The code is a little abstracted, but I'll try to pull out the relevant parts. 

My HDF5 has multiple classes within the same ['input'] matrix. So the idea is to produce mini-batches for SGD that take a random sample of each class for every batch such that I grab the same number of samples for each class. For instance, if I have 2 classes and a mini-batch size of 1,024, then I'll grab 512 inputs from class 1 and 512 inputs from class 2 for every batch.
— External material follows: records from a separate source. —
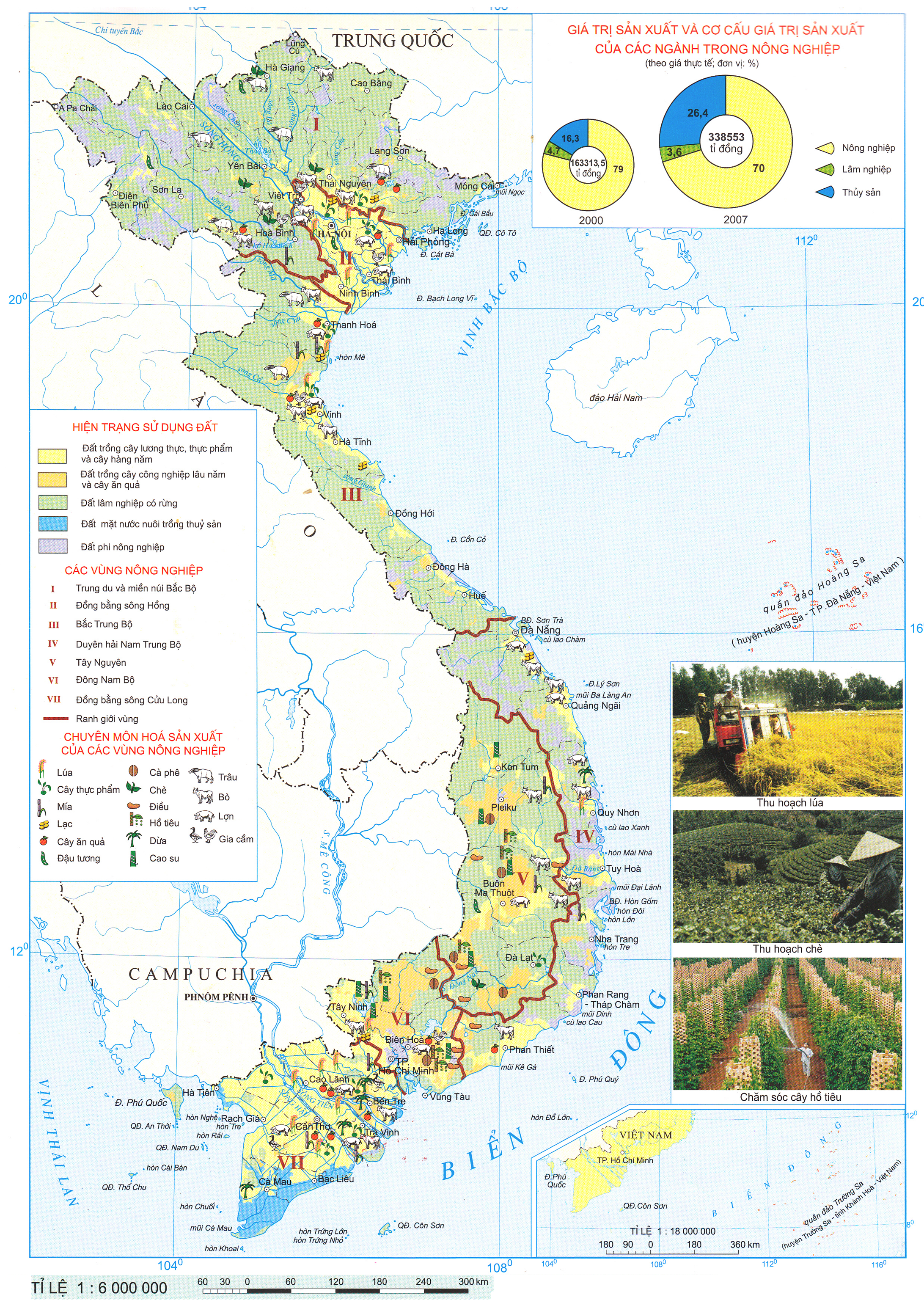 – Bảy vùng nông nghiệp có ranh giới xác định với kí hiệu chữ số La-mã lần lượt từ I đến VII bao gồm: I – Trung du và miền núi Bắc Bộ; II – Đồng bằng sông Hồng; III – Bắc Trung Bộ; IV – Duyên hải Nam Trung Bộ; V – Tây Nguyên; VI – Đông Nam Bộ; VII – Đồng bằng sông Cửu Long.
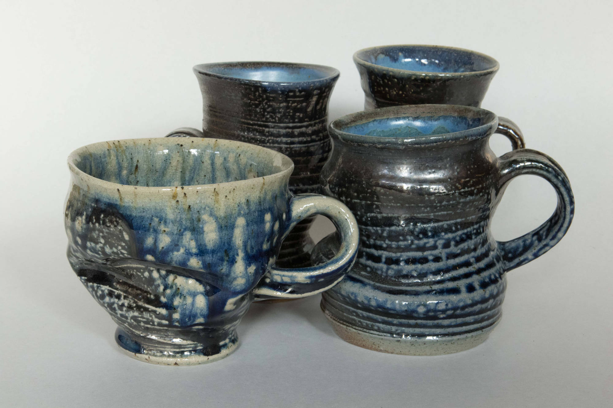 Manchmal lassen wir auf der keramischen Oberfläche nur das Feuer und seine Spuren sprechen, die es hinterlässt. Dann gibt es wiederum Gefäße, wo der zarte Pinselstrich auf der Glasur das Gefäß verschönert oder kraftvolle Ritzdekore die Oberfläche beleben.
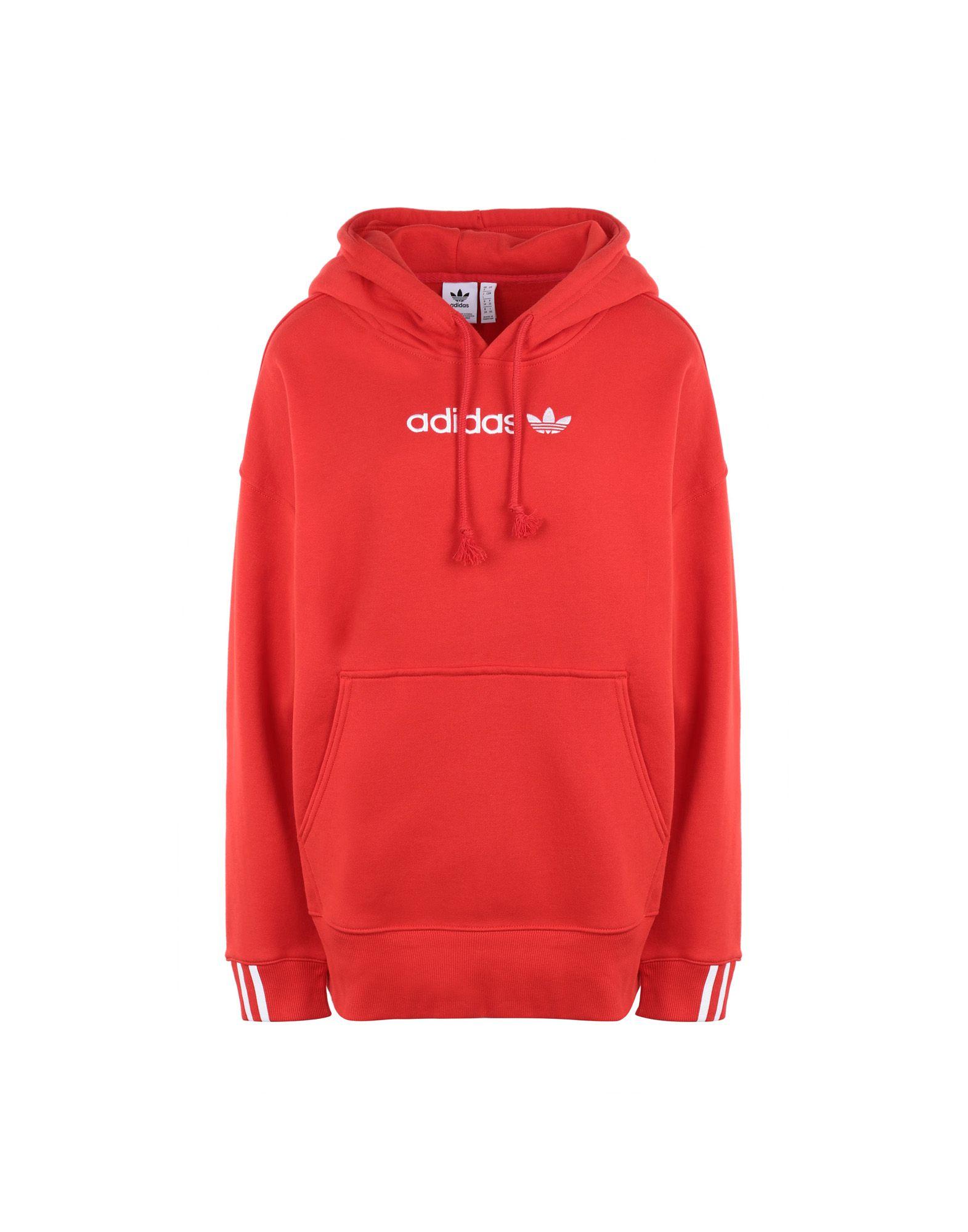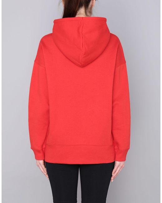 Ricamo, logo, tinta unita basic, collo con cappuccio, maniche lunghe, una tasca, interno in felpa invernale, lifestyle. 77% Cotone organico, 23% Poliestere riciclato. Colore: rosso
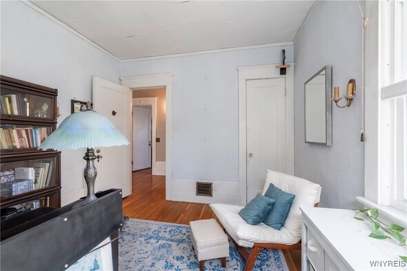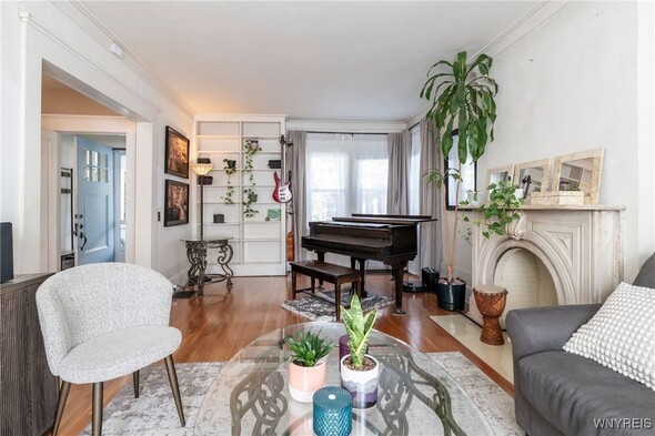 VRP pricing: owner will consider offers between $450,000 to $495,000 or higher.This exceptional 4-bedrm, 2.5-bath home offers over 2,000 sqft of beautifully finished living space across 3 floors. The 1st floor featuresnewly remodeled custom kitchenw granite countertops, functional island, ceiling-height cabinets, built-in microwave drawer, & durable Blanco Silgranit composite sink. A bright & invitingformal dining rmis perfect for entertaining, while the spacious living rm highlights theoriginal marble fireplace, built-in shelving, & gleaming hardwood floors. Upstairs, the 2nd floor offers3 generously sized bedrms and 2 full baths. The fully finished 3rd floor adds remarkable versatility w 3 additional rms, including 4th bedrm &soundproof music room. Recent updates includenew hot water tank (2024), 4-camera security system, & Generac generator. Outdoors, enjoy aquiet, partially fenced yard w stamped concrete patio, plusrare two-car garage w storage above. Present owner has a mid sized car and has no issues getting in and out of driveway! The new Trex-covered front porch adds even more curb appeal. Located just steps from the vibrant shopping & dining of Elmwood Village, this home is truly amust-see gem in a prime location!
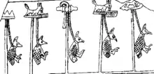 - ↑ Sonderzeichen U 103 gemäß Petra Vomberg: Sonderzeichenliste In: Rainer Hannig: Großes Handwörterbuch Ägyptisch-Deutsch : (2800 - 950 v. Chr.). von Zabern, Mainz 2006, ISBN 3-8053-1771-9, S. 1448.
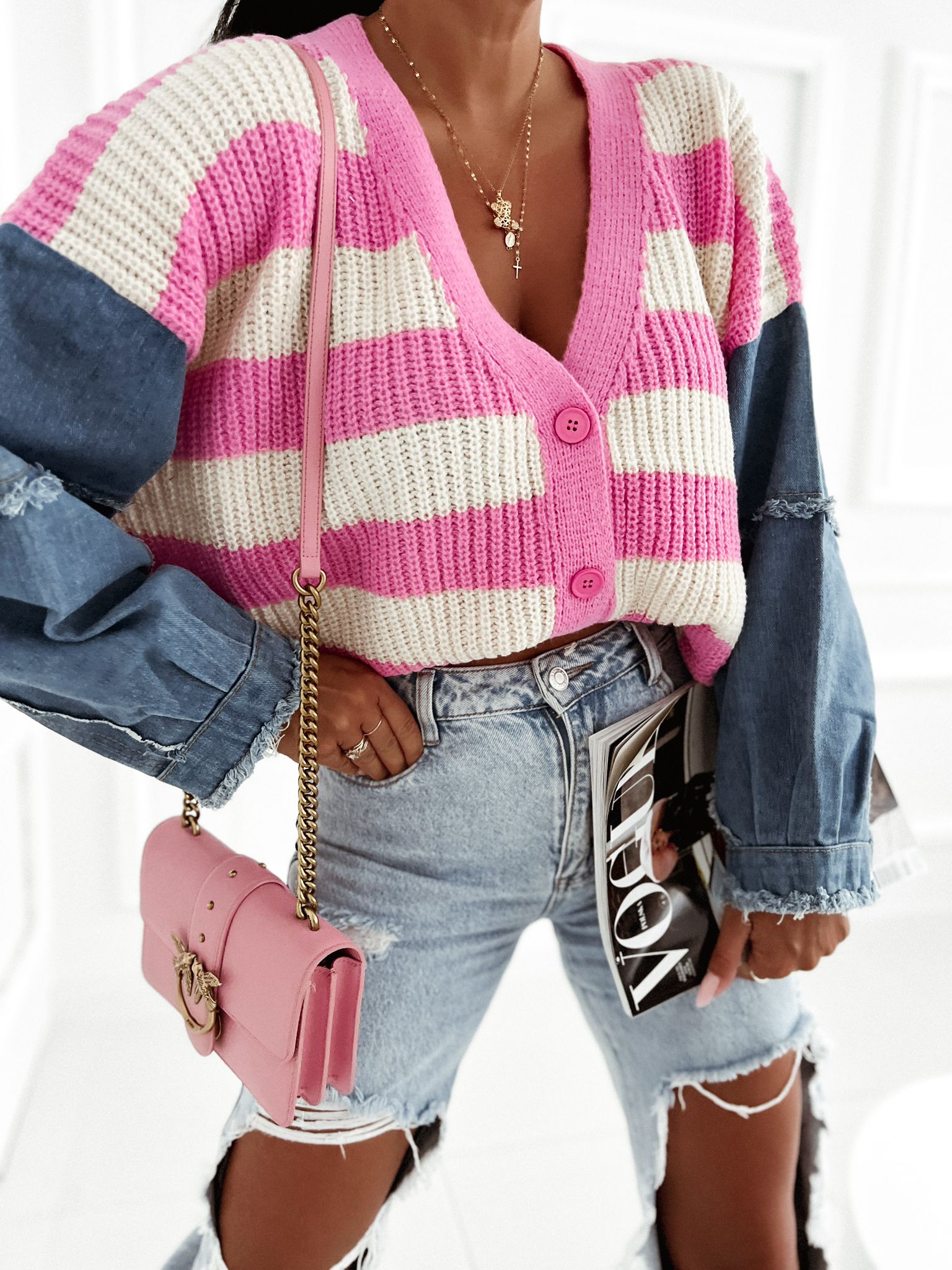 Sweterek damski w rozmiarze uniwersalnym, z modnym wzorem w paski. Model zapinany na guziki z ozdobnymi jeansowymi rękawami. Szerszy fason z dekoltem w serek idealnie skomponuje się z jeansami. Produkt dostępny w kilku wersjach kolorystycznych.
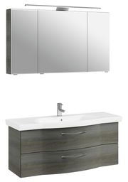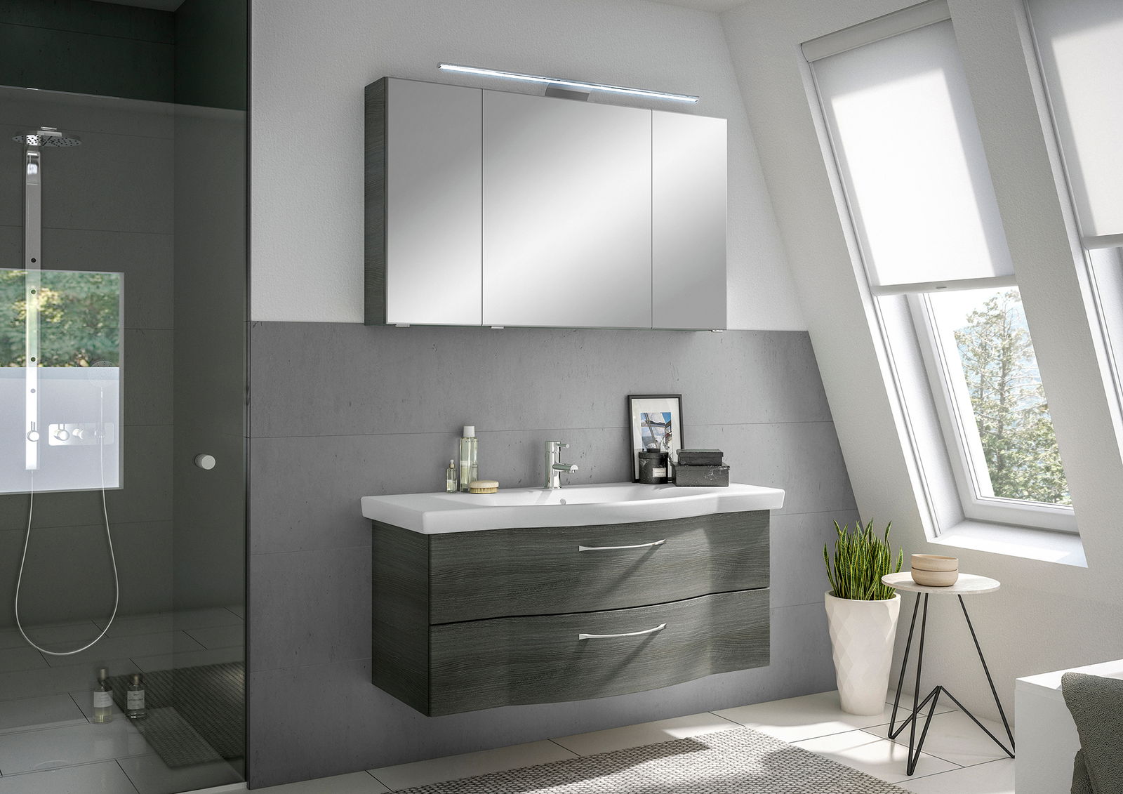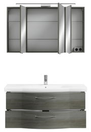 Erleben Sie modernes Design mit dem Pelipal Badblock SPRINT. Dieser stilvolle Badblock präsentiert sich in einem eleganten Graphit-Ton, sowohl für die Front als auch den Korpus, und verleiht Ihrem Badezimmer einen trendigen Touch. Die hochwertige Holznachbildung sorgt für ein ansprechendes Erscheinungsbild und gleichzeitig für Langlebigkeit. Der Badblock ist mit zwei geräumigen Schubladen ausgestattet, die über praktische Griffe verfügen und dank der Softclose-Funktion sanft und leise schließen. Die integrierte LED-Beleuchtung mit einer Nennleistung von 10 W bringt Ihr Badezimmer zum Strahlen und schafft eine angenehme Atmosphäre. Genießen Sie Komfort und Stil in einem kompakten Design.
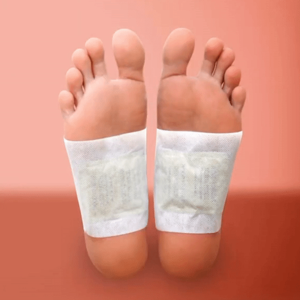 - Lipiti un plasture (cu partea scrisa) pe materialul adeziv, puneti plasturele pe talpa piciorului si fixati-l bine. Pentru cel mai bun efect plasturele trebuie aplicat inainte de culcare, pentru 6-10 ore;
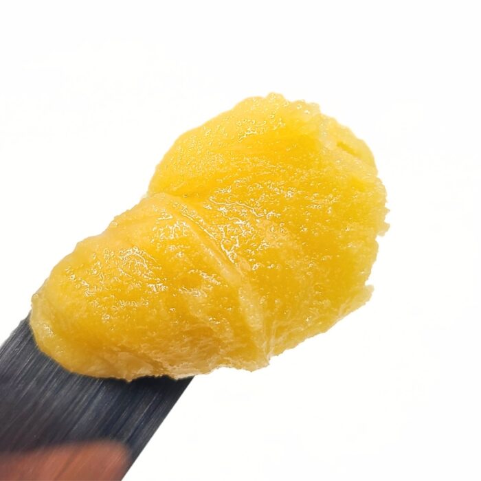 This concentrate stands out with its glossy golden hue and glass-like consistency that breaks cleanly. The texture speaks to expert extraction โ dense, sticky, and fragrant with natural terpenes.

That looks something like this:

def random_sample(self, n):
        '''
        Instead of just taking successive samples of the data for the mini-batch
        we take random samples of the data for each mini-batch
        AND make sure that each class is equally represented.
        This helps balance training for imbalanced datasets (e.g. # class 1 >> # class 2)
        '''

        divs = n // self.nclass  # Divide mini-batch into nclass regions

        idx_array = []
        
        for i in range(self.nclass):
            rnd_idx = np.random.random_integers(0, len(self.class_idx[i])-1, divs)
            idx_array.extend(self.class_idx[i][rnd_idx])

        # If the mini-batch can't be divided evenly, then remainder of array is just one from each class
        extra_idx = n - len(idx_array)
        if (extra_idx > 0):
            for i in range(extra_idx):
                idx_array.extend(self.class_idx[i][np.random.random_integers(0, len(self.class_idx[i])-1, 1)])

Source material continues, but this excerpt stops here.